PROVIDED RECORDS:
------------------------------
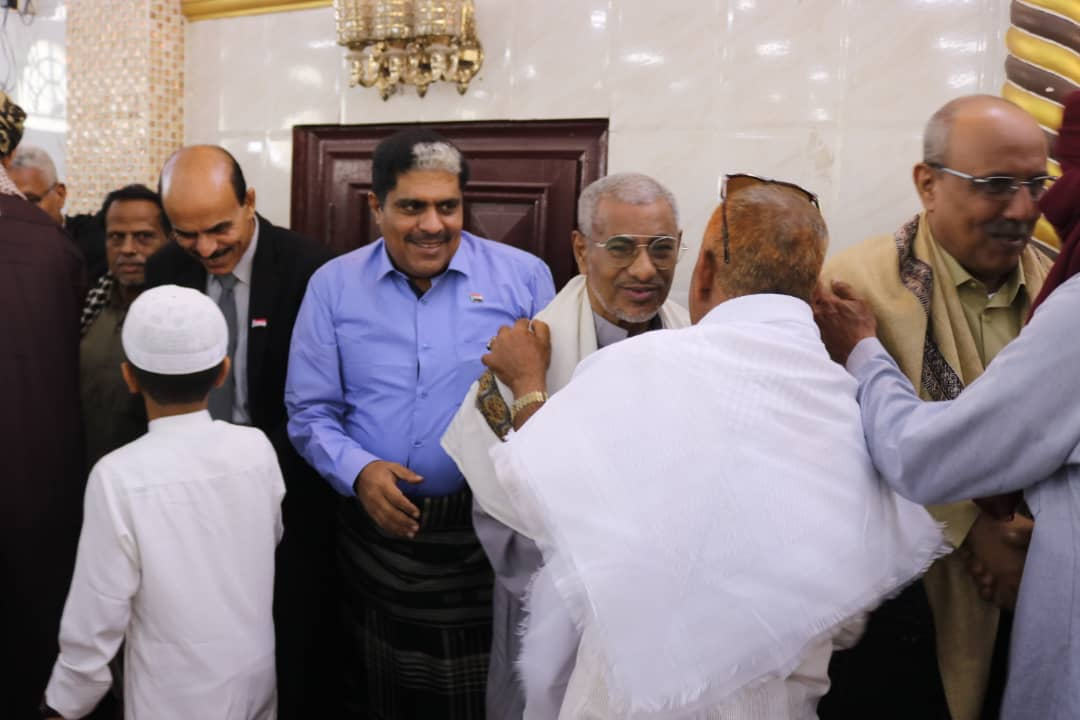 وعقب أدى الصلاة وانتهاء الخطبتين، تبادلت قيادة الانتقالي، مع جموع المصلين التهاني والتبريكات.
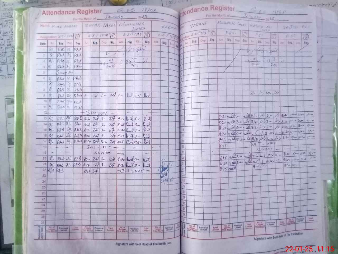| Name: RI**** AH**** Designation: (School Headmaster's/Headmistress's) SST (GENERAL) Phone/Cell Number: 03**** |
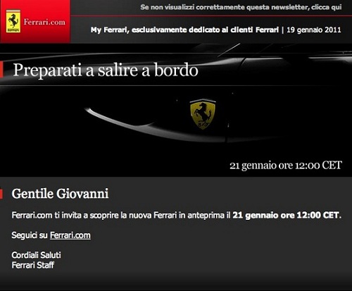 Tutte queste informazioni provengono da una fuga di notizie che, ovviamente, non possiamo andare a controllare a Maranello: i dettagli sono da prendere con le pinze, almeno sino a che Ferrari non ci svelerà l’ultimo prodotto, in ordine di tempo, del Cavallino Rampante, al Salone di Ginevra 2011 (3-13 marzo).
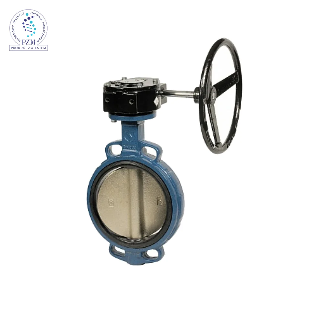 Wafer butterfly valve with manual gear box. For water, heating and industrial installations. Body: gray cast iron GJL-250 (from DN 700 body made of GJS-400 ductile iron), disc: GJS-400 ductile iron, disc seal – EPDM, spindle – AISI 420 steel (up to DN 300), AISI 431 (from DN 350).
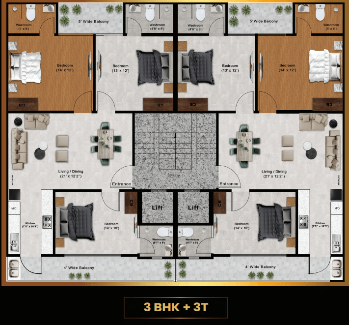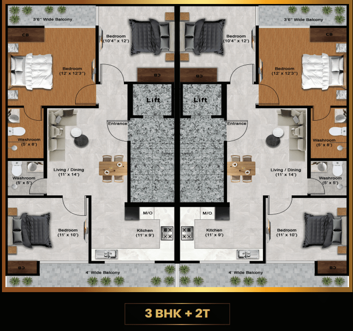 • 3 BHK – 1,242 sq.ft / 1,503 sq.ft
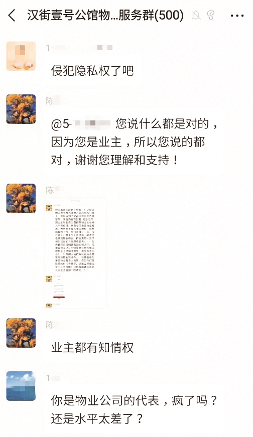 万先生认为物业侵犯了他的隐私权,是违法行为,于是报了警。万先生向记者提供了业主微信群的聊天记录,聊天记录与万先生的说法相符。记者看到,在陈姓负责人发布万先生信息遭万先生抗议后,该负责人解释称“业主都有知情权”。小区有几位业主在群里纷纷质疑物业此举侵犯了业主的隐私权。
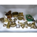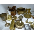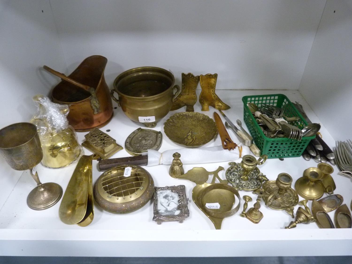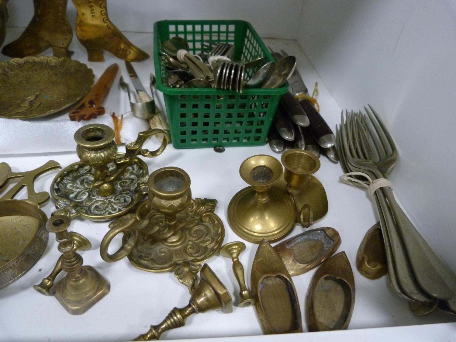 Small brass planter, miniature copper coal depot, watering can, shoe horns, photograph frame, candlesticks and loose cutlery etc.
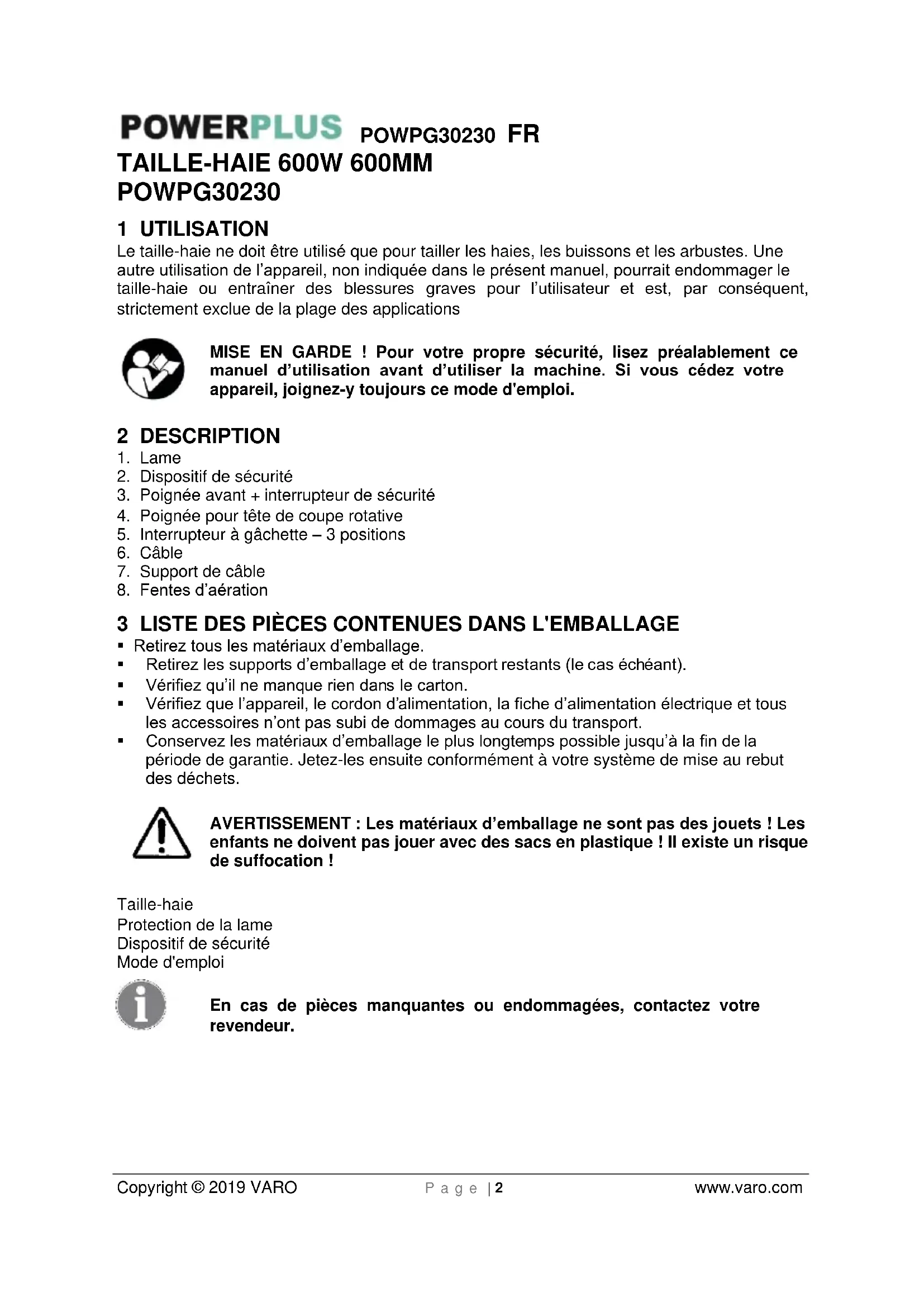- Vérifiez régulièrement votre machine avant de commencer le travail.POWPG30230 FR Copyright © 2019 VARO P a g e | 7 www.varo.com
------------------------------
WHAT YOU SHOULD DO: Hand back the exact lines from the start of the entries to the line with "Number: 03**** |", both ends kept and pictures left out.

RESPONSE TO THIS EXERCISE:
 وعقب أدى الصلاة وانتهاء الخطبتين، تبادلت قيادة الانتقالي، مع جموع المصلين التهاني والتبريكات.
| Name: RI**** AH**** Designation: (School Headmaster's/Headmistress's) SST (GENERAL) Phone/Cell Number: 03**** |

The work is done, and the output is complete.